### Problem
Reproduce only this range: the line holding "过滤精度 | H14符合EN1822 |" through the last line of the data below, both included, exactly, with no pictures.

┌──

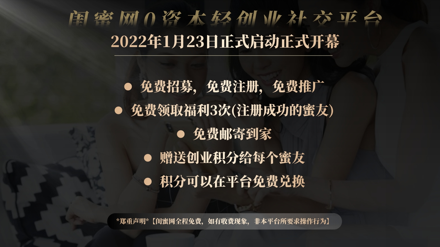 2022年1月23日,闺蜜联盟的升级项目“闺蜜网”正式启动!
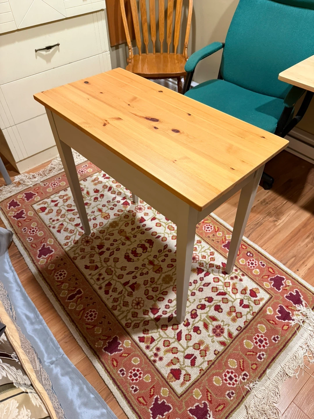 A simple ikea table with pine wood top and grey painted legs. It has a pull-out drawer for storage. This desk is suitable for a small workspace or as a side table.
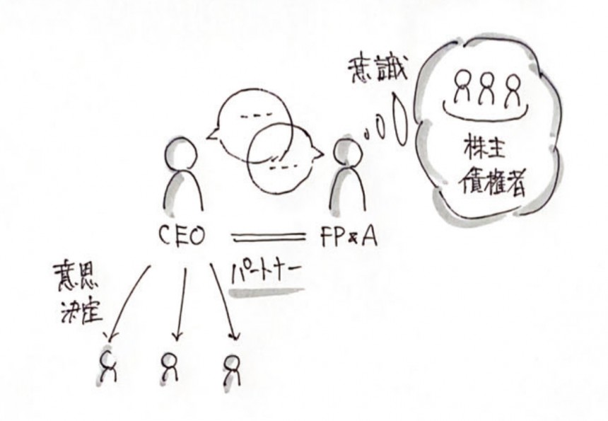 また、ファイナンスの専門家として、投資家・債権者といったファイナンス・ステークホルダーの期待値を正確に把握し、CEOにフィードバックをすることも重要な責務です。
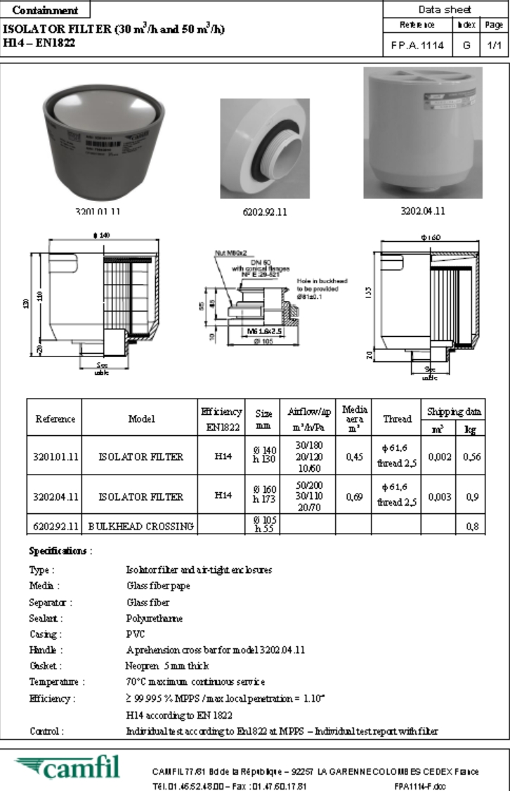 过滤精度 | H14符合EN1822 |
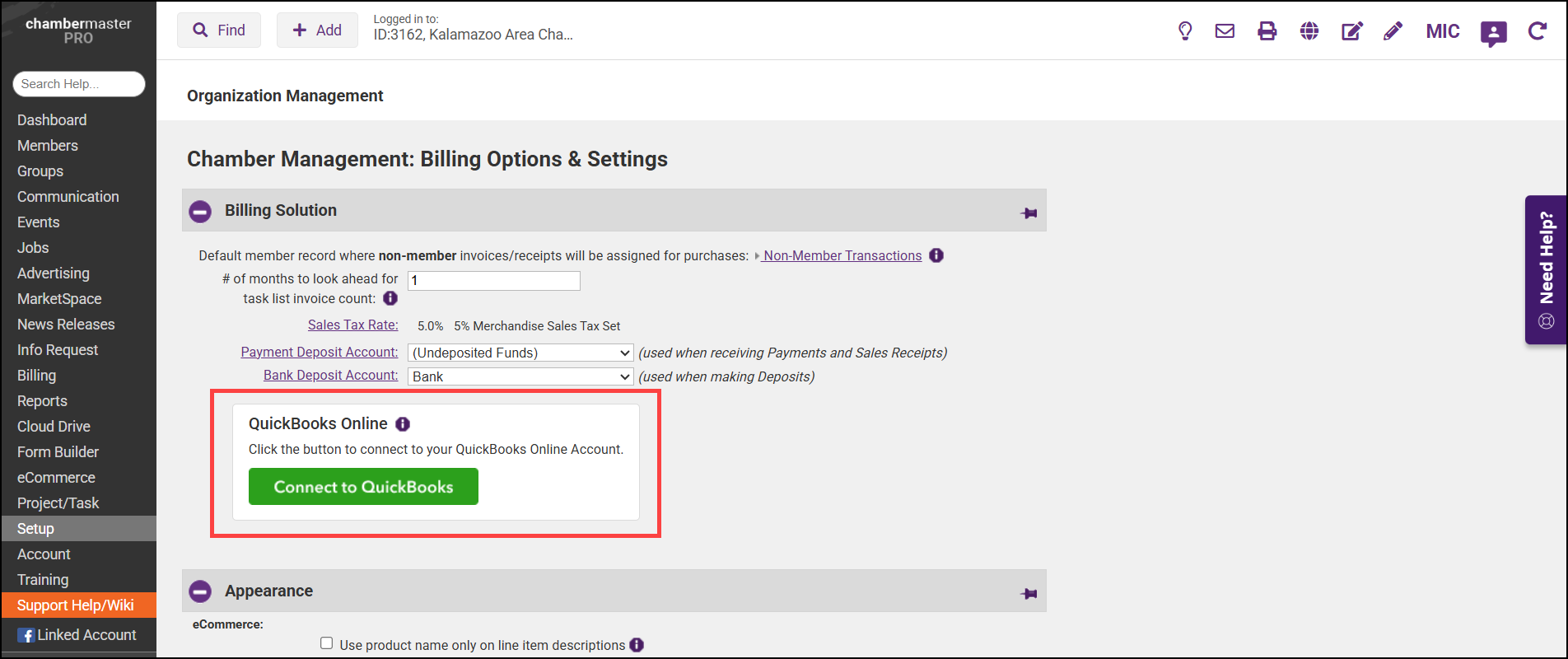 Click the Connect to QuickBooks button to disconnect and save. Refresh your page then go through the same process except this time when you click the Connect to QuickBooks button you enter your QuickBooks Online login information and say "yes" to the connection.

└──

### Response
 过滤精度 | H14符合EN1822 |
 Click the Connect to QuickBooks button to disconnect and save. Refresh your page then go through the same process except this time when you click the Connect to QuickBooks button you enter your QuickBooks Online login information and say "yes" to the connection.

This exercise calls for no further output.